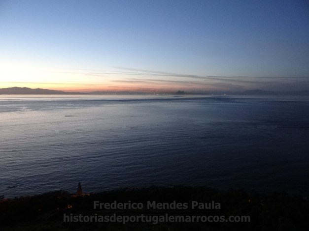 O Estreito de Gibraltar, vendo-se ao centro o Rochedo de Gibraltar, “Jebel Tarik” ou Montanha de Tarik
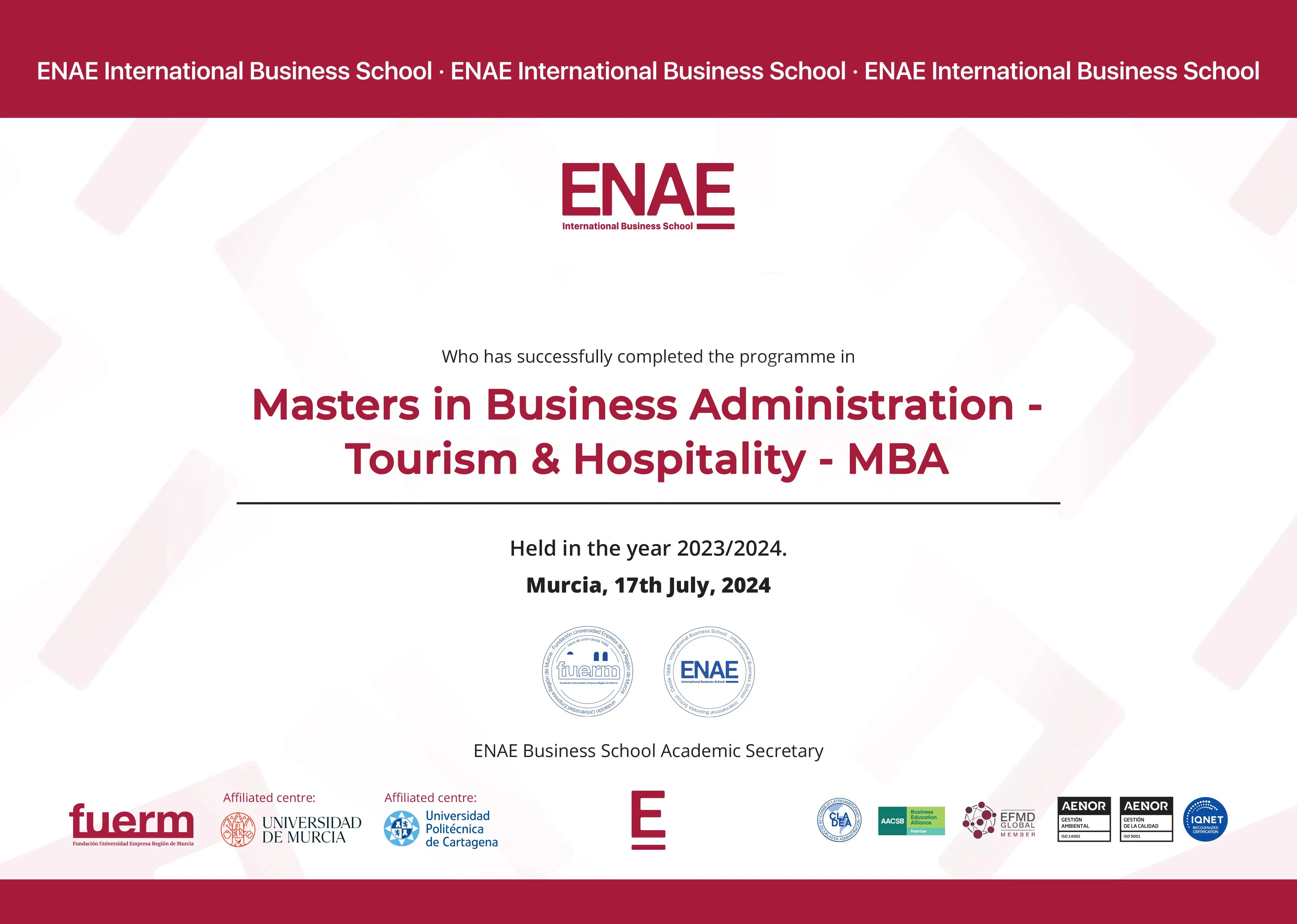 Q) Is SNATIKA an approved partner of ENAE Business School?
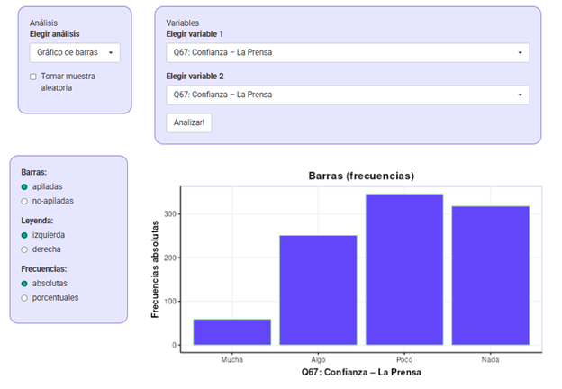 Elegir análisis > Gráfico de barras > Elegir variable 1: Confianza en la Prensa, variable 2: Nivel educativo > Barras: apiladas > Frecuencias: porcentuales
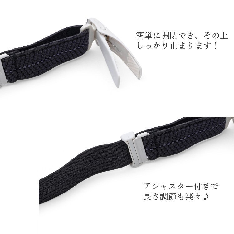 留め具:ポリカーボネイト100% 織ゴム/生地:ポリエステル79% ナイロン21% ゴム:ラバー100% |

........

■ What needs to be done:
To answer, repeat exactly the lines from the line containing "Q) Is SNATIKA" through the last line of the data above, leaving out all pictures.

■ Output:
 Q) Is SNATIKA an approved partner of ENAE Business School?
 Elegir análisis > Gráfico de barras > Elegir variable 1: Confianza en la Prensa, variable 2: Nivel educativo > Barras: apiladas > Frecuencias: porcentuales
 留め具:ポリカーボネイト100% 織ゴム/生地:ポリエステル79% ナイロン21% ゴム:ラバー100% |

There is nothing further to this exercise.